Nail bars are a common sight on Britain's high street where Southeast Asian women wear surgical face masks shielding their lungs from chemical fumes and their sadness from customers eyes.
The majority of the girls don't speak English and could be victims of human trafficking. Customers are there often because the nail bar is cheap.
For the first time in the UK, members of a gang who trafficked young Vietnamese women around nail bars have been jailed for a total of nine years.
Giang Huong Tran, 23, Viet Hoang Nguyen, 30 and Thu Huong Nguyen, 49 were convicted of human trafficking and modern slavery offences.
"The victims worked for no money and were trafficked between nail bars according to demand," Senior Crown Prosecutor Eran Cutliffe said in a statement.
"They were hidden from the authorities in order to avoid detection whilst being exploited in plain sight within our society."
READ MORE: UK Exploitation Revealed: 'Where Traffickers Flourish and Children Suffer'
'Pure Economic Greed'
Passing sentence in what is the first case of its kind in Britain to bring members of a gang to justice over nail bar exploitation, Judge Michael Chambers QC said the young women had been exploited for "pure economic greed." Stafford Crown Court heard the defendants were "devious and manipulative."
The victims in this case were "treated by traffickers as commodities" and all had "traumatic childhoods" and were forced to live and work in poor conditions.

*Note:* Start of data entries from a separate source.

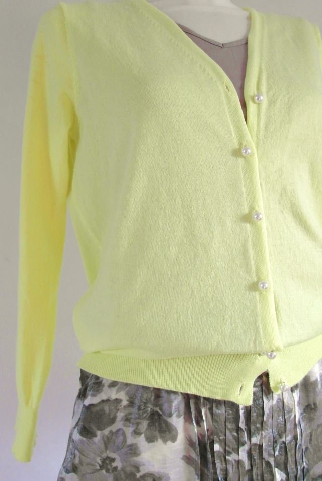 ożywiający kolor - kanarkowy, cytrynowe lody.. zapinany na kuleczki perłowe.pasuje do wielu kolorów - biel, szarość, beż, taupe, khaki, granat, srebro.
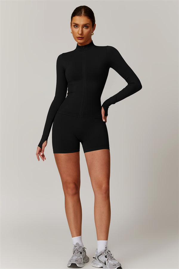 Stay stylish and comfortable with this full-zip matching set, featuring a high-neck jacket and high-waisted shorts designed for an active lifestyle. The jacket's high neck and full-zip closure offer adjustable coverage and wind resistance, giving you a cool, sporty look. A ribbed, cinched waist enhances your curves, creating a slimming effect that flatters your natural silhouette. Thumbhole cuffs provide added stability and keep your sleeves in place while protecting your hands.
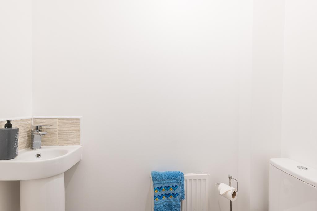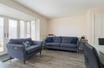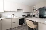 Upon entering, a welcoming entrance hall with cloakroom provides access to all ground floor accommodation. To the front of the property is a stunning contemporary German kitchen, newly refitted in late 2025. Designed with a sleek, seamless handleless finish and contrasting white worktops, this high-specification kitchen features integrated oven, hob and dishwasher, along with a stylish peninsula breakfast bar; perfect for casual dining or morning coffee.
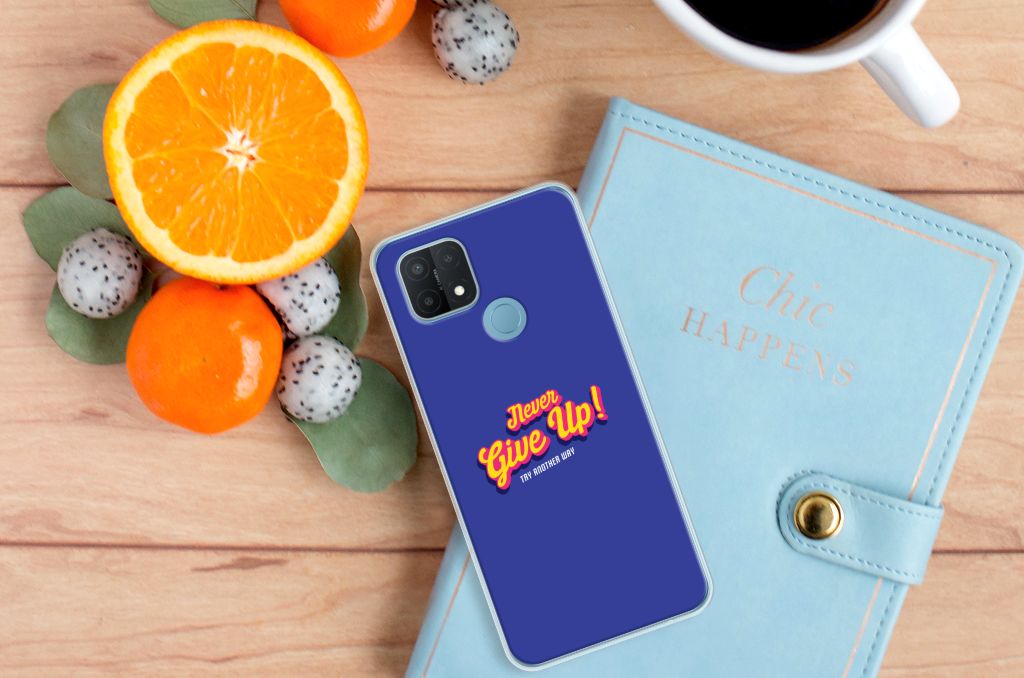 OPPO A15 Siliconen hoesje met naam Never Give Up

The teenage girls, aged 17 and 18 were discovered in a nail bar in Bath, England and placed in the care of social services in February 2017 but went missing soon after.
They were then traced to another salon in Burton upon Trent were two further teenagers were found to be exploited in the nail bar. The young women have been trafficked to other nail bars in Cheltenham, Gloucester and Derbyshire.
READ MORE: Reality of Modern Slavery: Trafficked to Wash British Cars 'in Plain Sight'
New Nails & No Footprint
Detective Inspector Charlotte Tucker who led the operation for Avon and Somerset Police told London newspaper The Independent: "It's so tragic to think that in the age we're living in now we've got young vulnerable girls being forced to work in the UK.
"They find themselves in a sophisticated money-making operation but their vulnerabilities are so apparent."
"These girls have no footprint," DI Tucker said.
"They've never been seen by a GP, never been to school — the language barrier is massive."
This case is the first successful prosecution for child labor, exploitation and child trafficking under the Modern Slavery Act 2015.
Vietnam is one of the top three source countries for potential victims of modern slavery, who are often exploited in cannabis farms and nail bars.
More than 3,800 potential victims of human trafficking were identified in the UK in 2016, according to the National Crime Agency, National Referral Mechanism statistics.
"More than a quarter of all trafficked children go missing from local authority care," according to report, Heading Back to Harm: a study on trafficked and unaccompanied children going missing from care in the UK, 2016 published by charity ECPAT UK and Missing People.